■ Task
Nothing should appear in the answer except the lines below from the line containing "学习时间不固定,每天必要的学" through the line containing "2. 活动期间内,神秘商场每日刷新各种珍稀道具,打折出售限量抢购。", copied exactly, with pictures left out.

■ The input
§

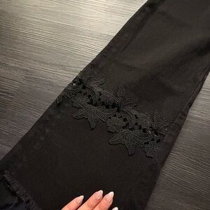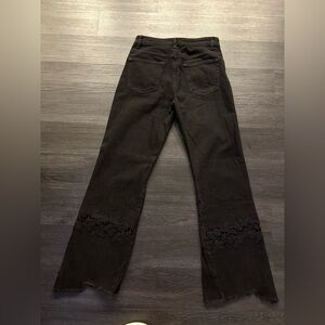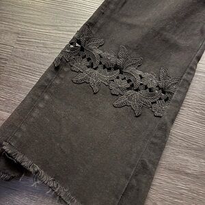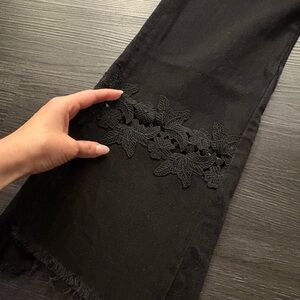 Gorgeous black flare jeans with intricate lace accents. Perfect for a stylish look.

§

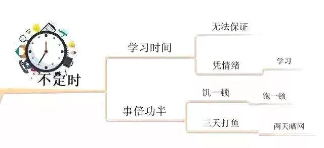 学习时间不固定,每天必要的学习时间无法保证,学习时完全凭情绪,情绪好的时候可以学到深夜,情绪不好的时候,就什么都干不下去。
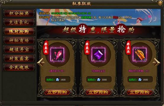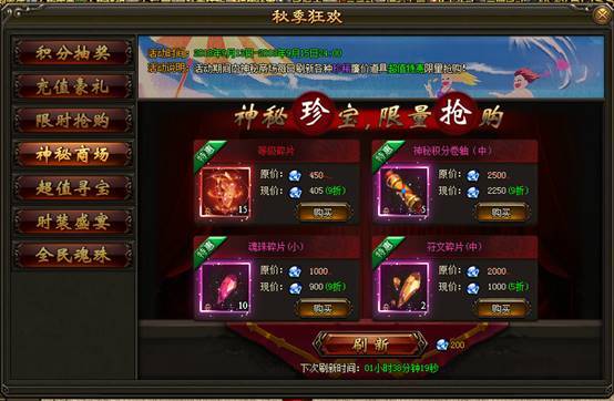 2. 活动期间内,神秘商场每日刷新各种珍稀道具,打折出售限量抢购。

§

■ Task response
 学习时间不固定,每天必要的学习时间无法保证,学习时完全凭情绪,情绪好的时候可以学到深夜,情绪不好的时候,就什么都干不下去。
 2. 活动期间内,神秘商场每日刷新各种珍稀道具,打折出售限量抢购。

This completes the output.